- _Problem to work on_
Render every line of the data exactly as written, and leave out the pictures.

- _Provided data_
________________________________________
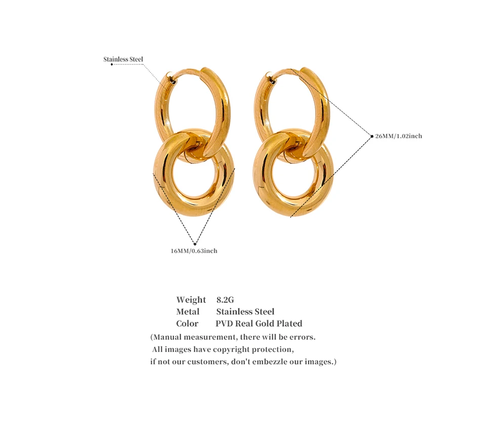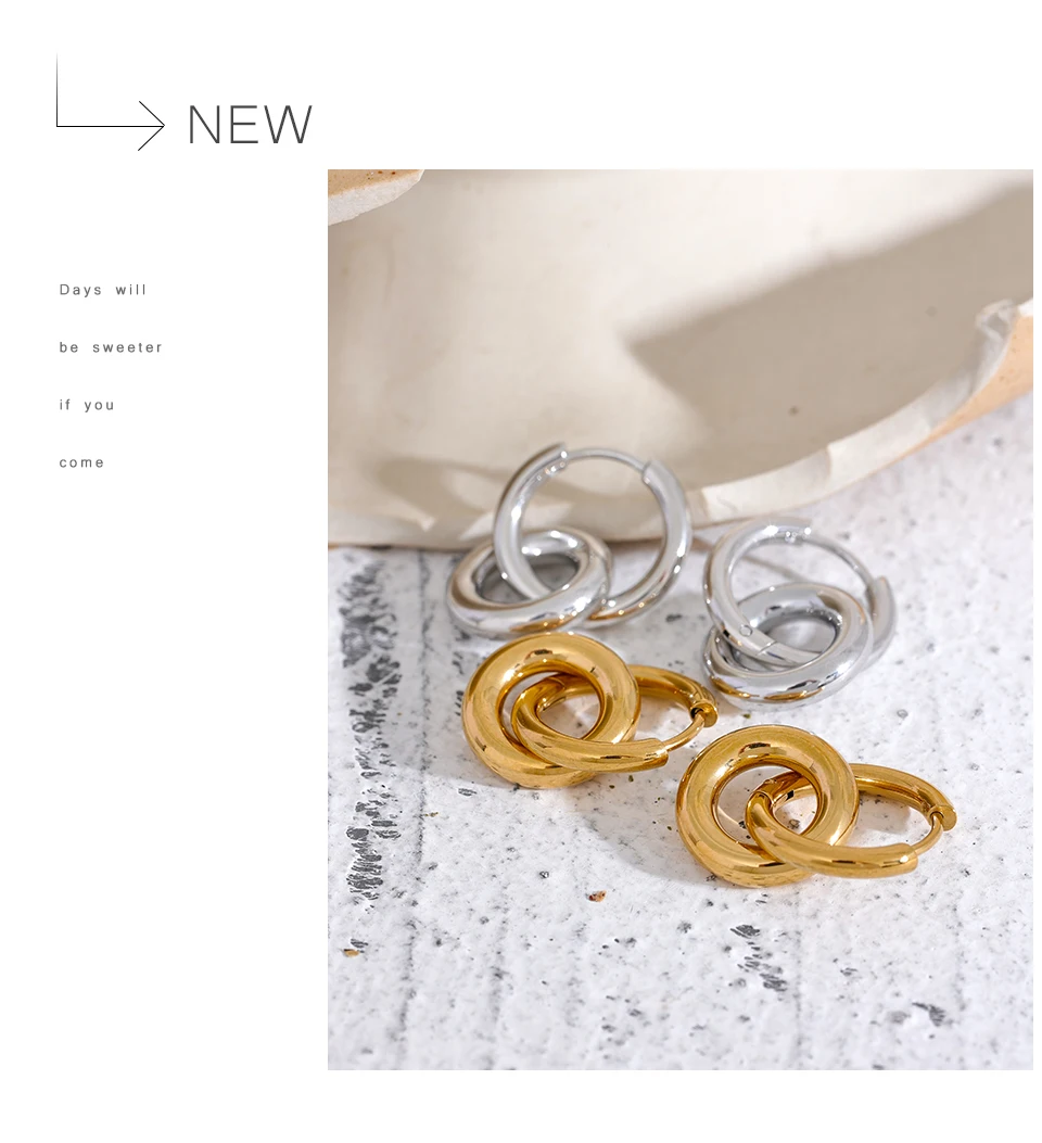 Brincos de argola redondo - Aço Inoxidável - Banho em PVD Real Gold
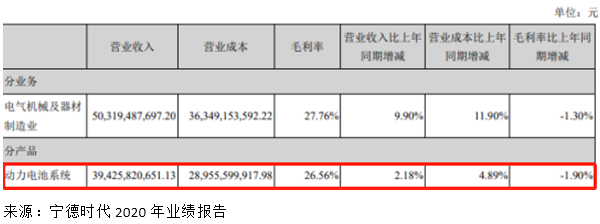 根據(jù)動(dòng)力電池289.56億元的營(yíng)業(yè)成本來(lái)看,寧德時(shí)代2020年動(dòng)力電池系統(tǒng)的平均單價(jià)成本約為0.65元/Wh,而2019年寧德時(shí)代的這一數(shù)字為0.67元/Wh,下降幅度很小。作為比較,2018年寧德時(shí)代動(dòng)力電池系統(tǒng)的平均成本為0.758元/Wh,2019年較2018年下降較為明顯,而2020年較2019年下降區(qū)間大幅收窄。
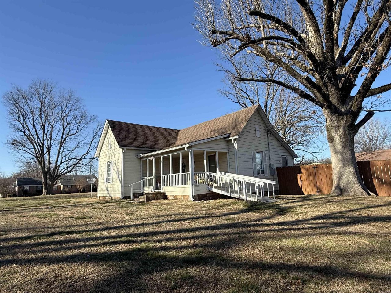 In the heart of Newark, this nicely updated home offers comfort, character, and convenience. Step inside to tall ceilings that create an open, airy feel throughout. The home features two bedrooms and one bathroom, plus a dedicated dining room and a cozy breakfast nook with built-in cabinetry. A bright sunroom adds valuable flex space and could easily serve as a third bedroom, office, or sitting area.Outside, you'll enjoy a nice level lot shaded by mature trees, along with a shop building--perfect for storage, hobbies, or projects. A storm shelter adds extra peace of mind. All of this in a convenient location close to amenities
________________________________________
- _Answer area_
 Brincos de argola redondo - Aço Inoxidável - Banho em PVD Real Gold
 根據(jù)動(dòng)力電池289.56億元的營(yíng)業(yè)成本來(lái)看,寧德時(shí)代2020年動(dòng)力電池系統(tǒng)的平均單價(jià)成本約為0.65元/Wh,而2019年寧德時(shí)代的這一數(shù)字為0.67元/Wh,下降幅度很小。作為比較,2018年寧德時(shí)代動(dòng)力電池系統(tǒng)的平均成本為0.758元/Wh,2019年較2018年下降較為明顯,而2020年較2019年下降區(qū)間大幅收窄。
 In the heart of Newark, this nicely updated home offers comfort, character, and convenience. Step inside to tall ceilings that create an open, airy feel throughout. The home features two bedrooms and one bathroom, plus a dedicated dining room and a cozy breakfast nook with built-in cabinetry. A bright sunroom adds valuable flex space and could easily serve as a third bedroom, office, or sitting area.Outside, you'll enjoy a nice level lot shaded by mature trees, along with a shop building--perfect for storage, hobbies, or projects. A storm shelter adds extra peace of mind. All of this in a convenient location close to amenities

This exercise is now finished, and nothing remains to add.